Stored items
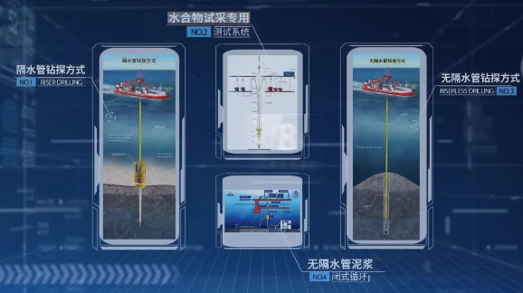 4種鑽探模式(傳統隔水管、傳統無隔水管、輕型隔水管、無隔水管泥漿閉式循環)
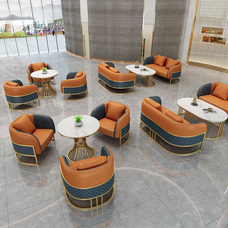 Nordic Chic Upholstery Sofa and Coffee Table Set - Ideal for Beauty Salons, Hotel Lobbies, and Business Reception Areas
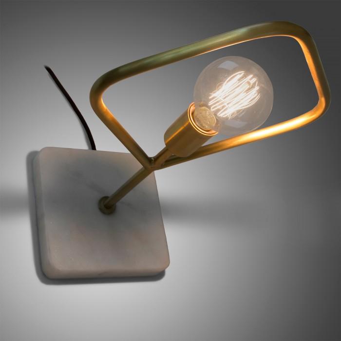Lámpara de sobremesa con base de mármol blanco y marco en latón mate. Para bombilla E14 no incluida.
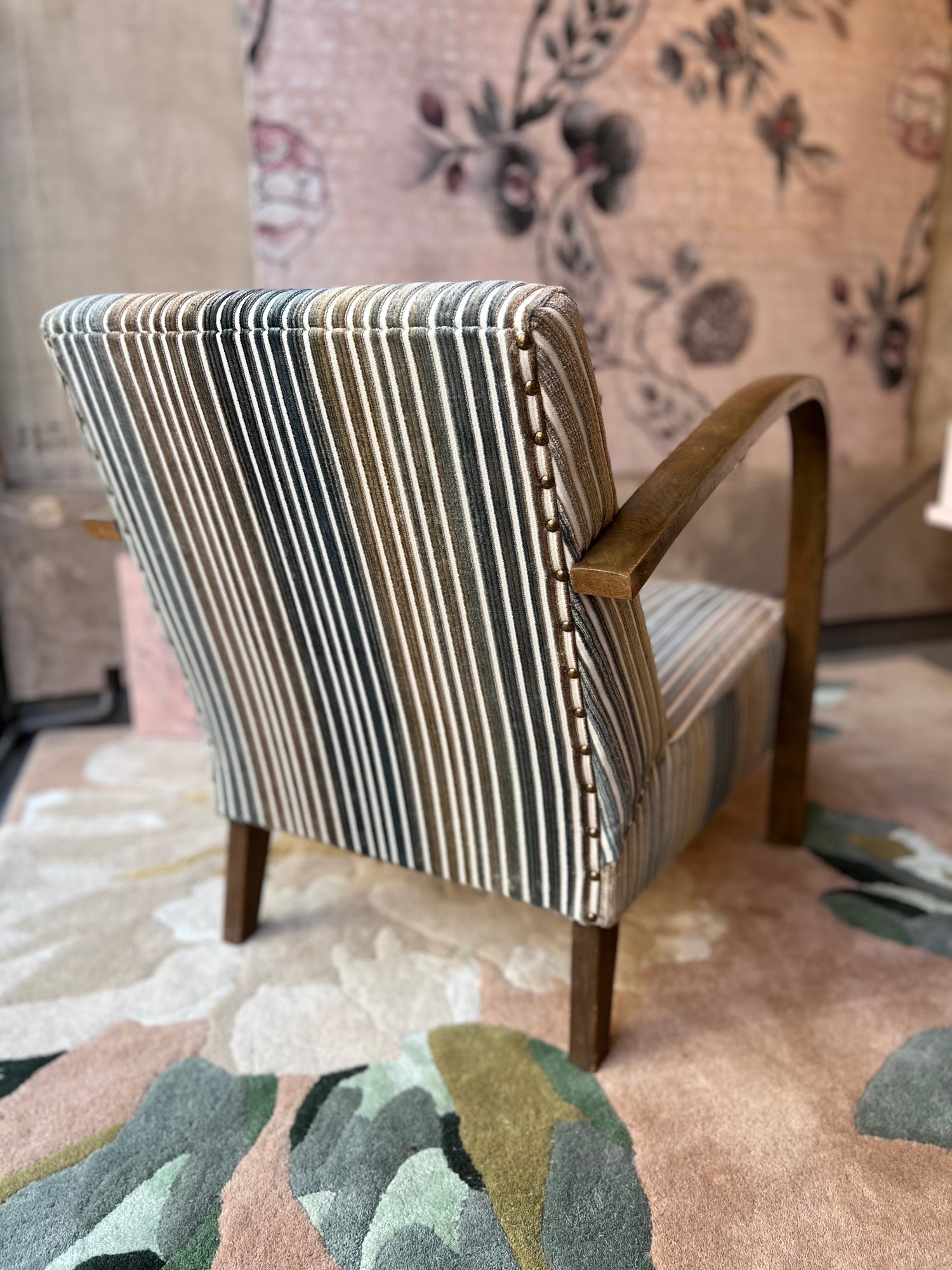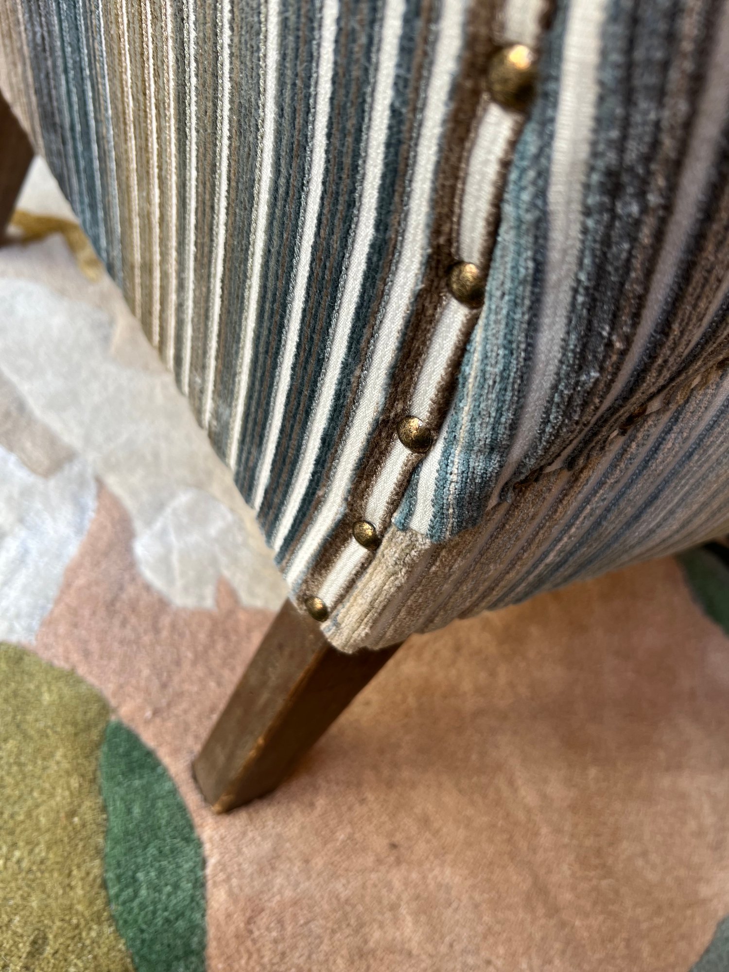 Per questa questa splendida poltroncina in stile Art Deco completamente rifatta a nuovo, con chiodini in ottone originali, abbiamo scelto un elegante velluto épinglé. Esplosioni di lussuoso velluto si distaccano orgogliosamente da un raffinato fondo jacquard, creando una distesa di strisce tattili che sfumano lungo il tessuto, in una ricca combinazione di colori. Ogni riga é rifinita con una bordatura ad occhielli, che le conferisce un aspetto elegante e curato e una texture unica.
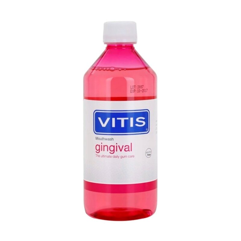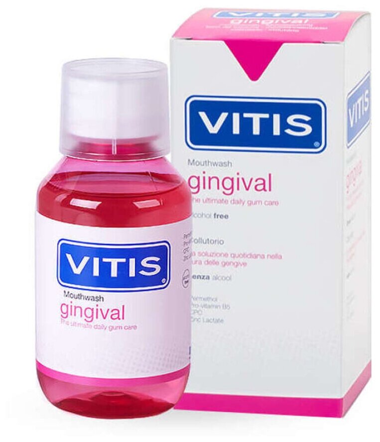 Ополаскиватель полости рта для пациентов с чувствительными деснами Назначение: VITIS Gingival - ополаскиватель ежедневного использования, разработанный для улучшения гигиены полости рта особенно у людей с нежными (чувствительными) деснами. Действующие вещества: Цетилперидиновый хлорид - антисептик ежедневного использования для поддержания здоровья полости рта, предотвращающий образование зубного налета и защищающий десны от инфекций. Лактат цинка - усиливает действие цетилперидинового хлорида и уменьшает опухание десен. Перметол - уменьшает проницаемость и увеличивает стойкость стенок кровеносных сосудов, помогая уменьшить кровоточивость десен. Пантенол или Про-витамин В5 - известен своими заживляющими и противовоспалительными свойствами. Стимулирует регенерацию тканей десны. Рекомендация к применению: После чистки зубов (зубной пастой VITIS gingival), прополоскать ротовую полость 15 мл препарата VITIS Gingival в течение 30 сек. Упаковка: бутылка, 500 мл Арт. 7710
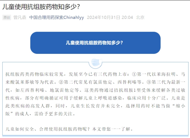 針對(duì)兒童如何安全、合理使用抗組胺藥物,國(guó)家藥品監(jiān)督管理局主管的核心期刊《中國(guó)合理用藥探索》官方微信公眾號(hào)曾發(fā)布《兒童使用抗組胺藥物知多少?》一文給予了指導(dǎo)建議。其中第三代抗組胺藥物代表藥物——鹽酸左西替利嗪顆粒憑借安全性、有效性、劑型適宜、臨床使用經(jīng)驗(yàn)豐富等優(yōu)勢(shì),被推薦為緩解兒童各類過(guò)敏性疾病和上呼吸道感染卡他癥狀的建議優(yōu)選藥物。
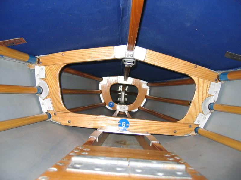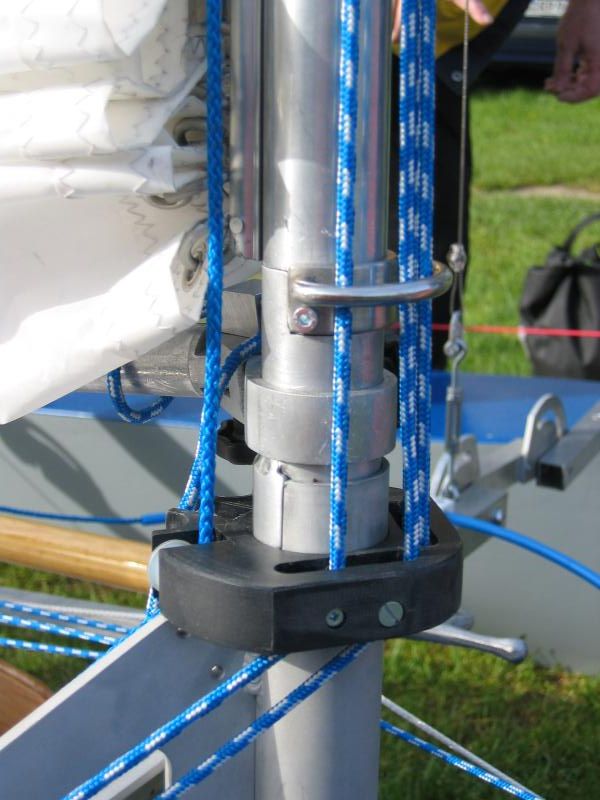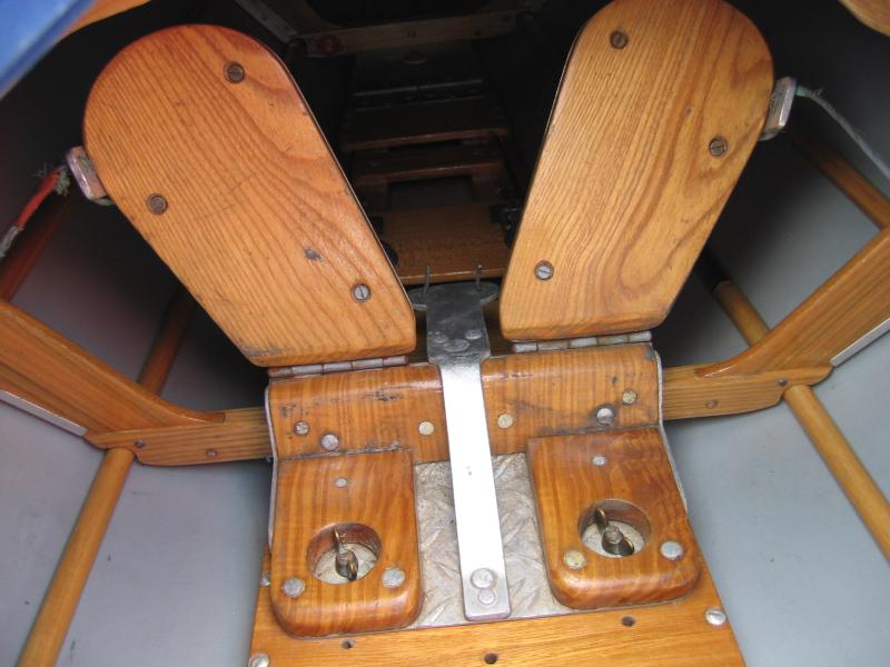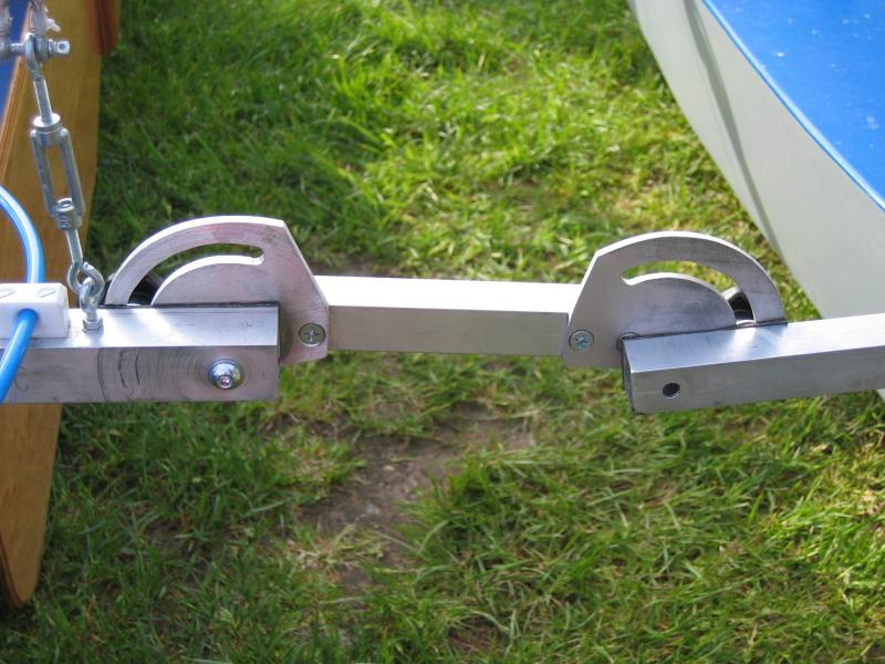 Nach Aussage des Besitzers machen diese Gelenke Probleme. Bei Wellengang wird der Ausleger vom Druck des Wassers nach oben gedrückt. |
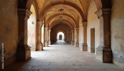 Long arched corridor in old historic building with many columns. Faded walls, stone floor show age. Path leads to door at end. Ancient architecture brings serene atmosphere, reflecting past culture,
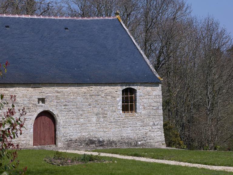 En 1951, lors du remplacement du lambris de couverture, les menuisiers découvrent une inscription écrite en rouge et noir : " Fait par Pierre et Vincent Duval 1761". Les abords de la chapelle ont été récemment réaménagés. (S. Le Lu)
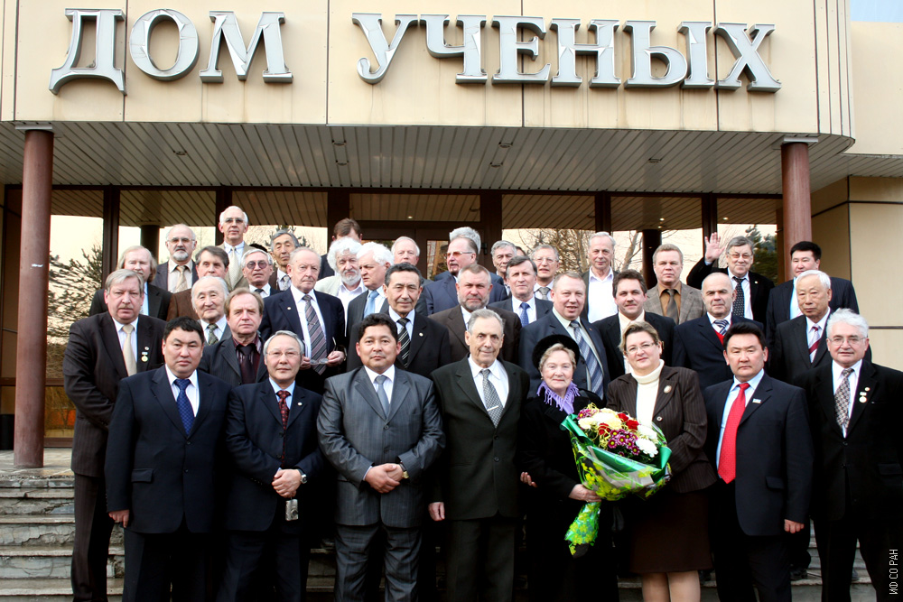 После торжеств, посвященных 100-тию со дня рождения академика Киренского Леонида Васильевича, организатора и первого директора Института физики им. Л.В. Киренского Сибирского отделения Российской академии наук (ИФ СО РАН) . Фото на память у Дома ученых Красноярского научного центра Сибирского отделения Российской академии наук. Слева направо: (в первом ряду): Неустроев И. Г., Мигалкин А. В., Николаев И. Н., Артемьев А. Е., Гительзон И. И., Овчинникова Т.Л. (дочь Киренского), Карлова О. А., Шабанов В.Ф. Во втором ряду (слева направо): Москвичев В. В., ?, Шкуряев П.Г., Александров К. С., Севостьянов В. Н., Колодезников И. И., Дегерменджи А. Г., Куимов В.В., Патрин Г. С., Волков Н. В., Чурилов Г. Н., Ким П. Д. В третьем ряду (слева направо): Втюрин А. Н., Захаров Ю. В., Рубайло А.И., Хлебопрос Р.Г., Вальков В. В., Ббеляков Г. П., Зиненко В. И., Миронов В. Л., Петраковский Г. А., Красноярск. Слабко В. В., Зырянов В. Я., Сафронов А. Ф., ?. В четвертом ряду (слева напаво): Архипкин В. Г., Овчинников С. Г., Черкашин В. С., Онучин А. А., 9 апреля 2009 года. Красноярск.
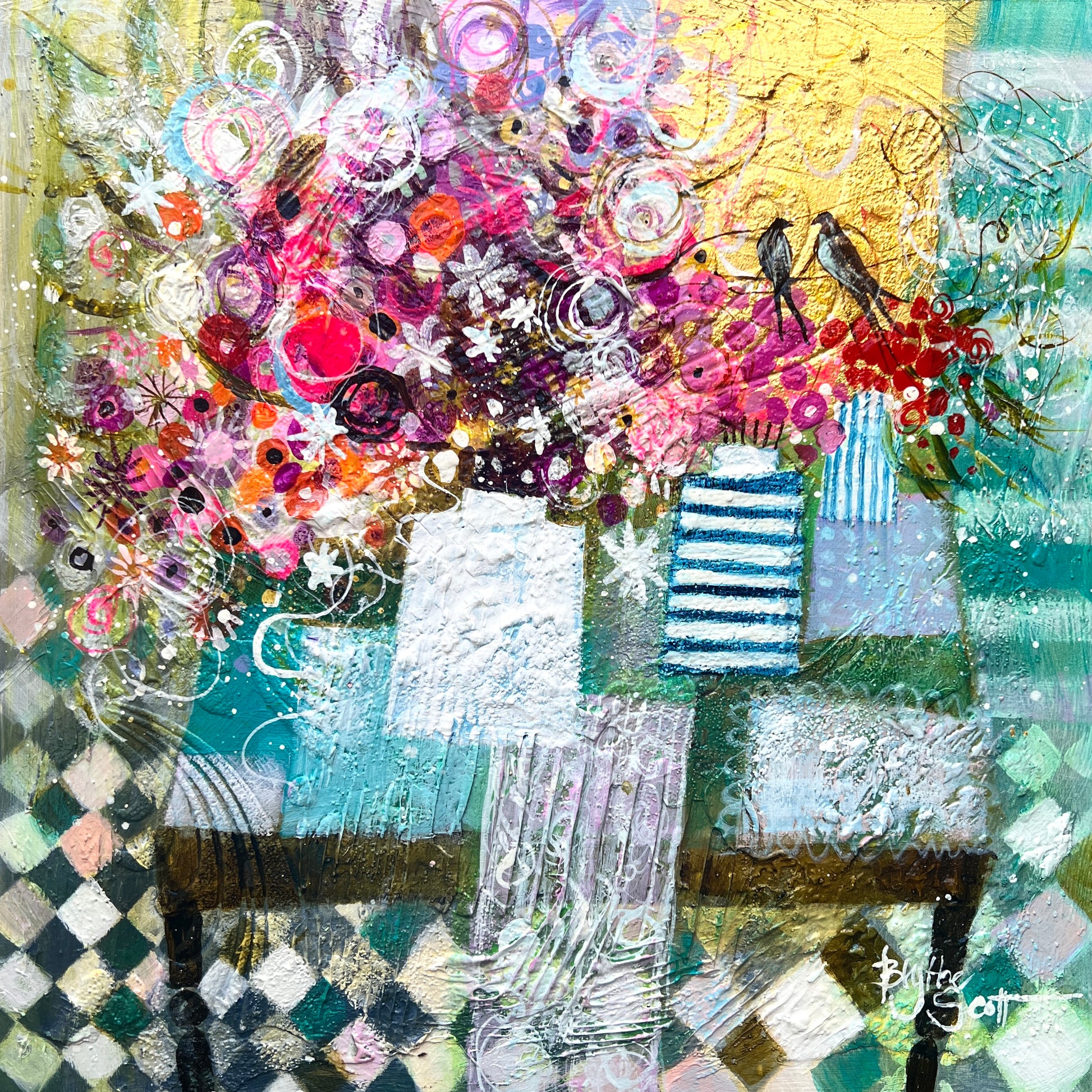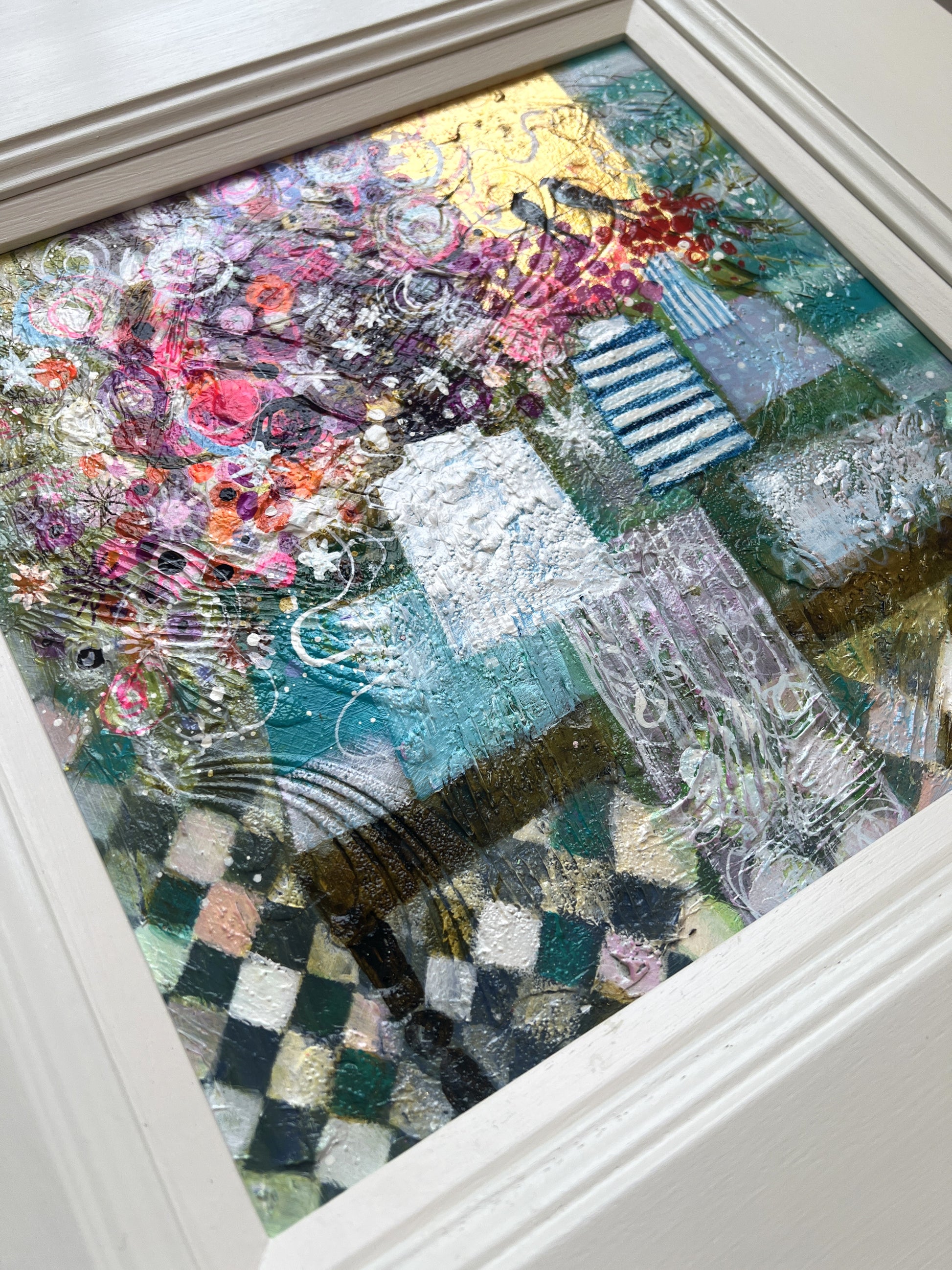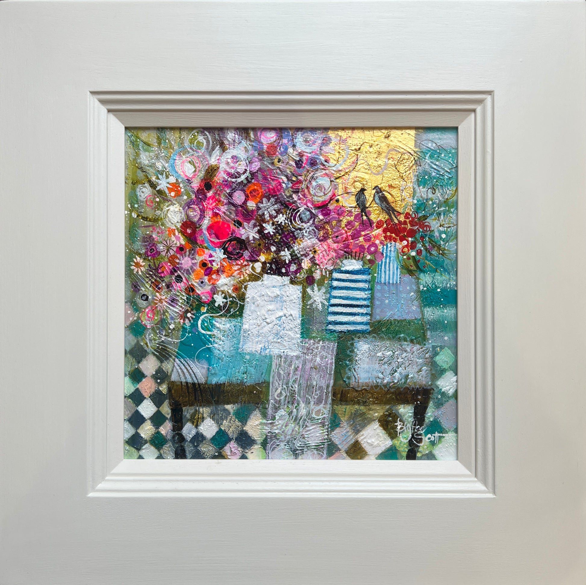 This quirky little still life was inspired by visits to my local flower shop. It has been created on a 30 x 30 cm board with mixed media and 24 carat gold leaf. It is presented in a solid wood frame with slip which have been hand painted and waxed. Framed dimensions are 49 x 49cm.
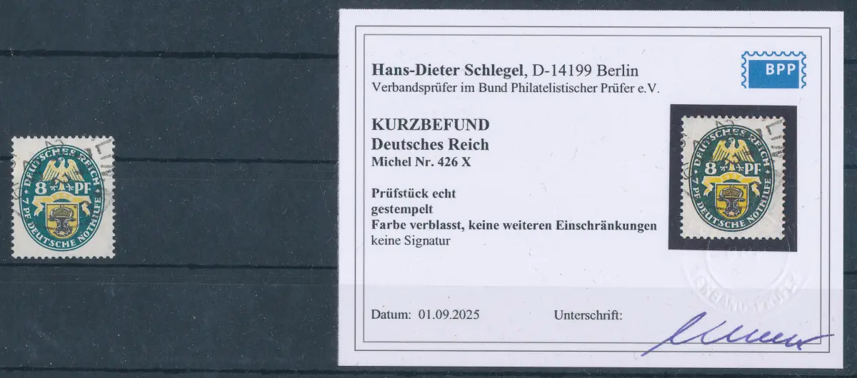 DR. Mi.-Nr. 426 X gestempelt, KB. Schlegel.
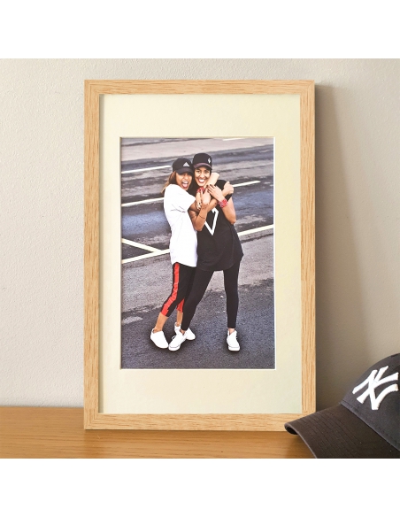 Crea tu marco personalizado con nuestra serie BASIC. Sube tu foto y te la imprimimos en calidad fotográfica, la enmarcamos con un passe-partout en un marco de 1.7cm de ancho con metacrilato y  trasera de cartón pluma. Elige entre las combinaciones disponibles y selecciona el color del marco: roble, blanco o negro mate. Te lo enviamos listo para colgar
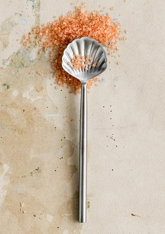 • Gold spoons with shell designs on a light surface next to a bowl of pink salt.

__TASK REQUIREMENTS__:
The lines to reproduce run from the one above containing "Per questa questa" through the one containing "針對(duì)兒童如何安全、". Copy them exactly and leave out all pictures.

__SOLUTION TO THE EXERCISE__:
 Per questa questa splendida poltroncina in stile Art Deco completamente rifatta a nuovo, con chiodini in ottone originali, abbiamo scelto un elegante velluto épinglé. Esplosioni di lussuoso velluto si distaccano orgogliosamente da un raffinato fondo jacquard, creando una distesa di strisce tattili che sfumano lungo il tessuto, in una ricca combinazione di colori. Ogni riga é rifinita con una bordatura ad occhielli, che le conferisce un aspetto elegante e curato e una texture unica.
 Ополаскиватель полости рта для пациентов с чувствительными деснами Назначение: VITIS Gingival - ополаскиватель ежедневного использования, разработанный для улучшения гигиены полости рта особенно у людей с нежными (чувствительными) деснами. Действующие вещества: Цетилперидиновый хлорид - антисептик ежедневного использования для поддержания здоровья полости рта, предотвращающий образование зубного налета и защищающий десны от инфекций. Лактат цинка - усиливает действие цетилперидинового хлорида и уменьшает опухание десен. Перметол - уменьшает проницаемость и увеличивает стойкость стенок кровеносных сосудов, помогая уменьшить кровоточивость десен. Пантенол или Про-витамин В5 - известен своими заживляющими и противовоспалительными свойствами. Стимулирует регенерацию тканей десны. Рекомендация к применению: После чистки зубов (зубной пастой VITIS gingival), прополоскать ротовую полость 15 мл препарата VITIS Gingival в течение 30 сек. Упаковка: бутылка, 500 мл Арт. 7710
 針對(duì)兒童如何安全、合理使用抗組胺藥物,國(guó)家藥品監(jiān)督管理局主管的核心期刊《中國(guó)合理用藥探索》官方微信公眾號(hào)曾發(fā)布《兒童使用抗組胺藥物知多少?》一文給予了指導(dǎo)建議。其中第三代抗組胺藥物代表藥物——鹽酸左西替利嗪顆粒憑借安全性、有效性、劑型適宜、臨床使用經(jīng)驗(yàn)豐富等優(yōu)勢(shì),被推薦為緩解兒童各類過(guò)敏性疾病和上呼吸道感染卡他癥狀的建議優(yōu)選藥物。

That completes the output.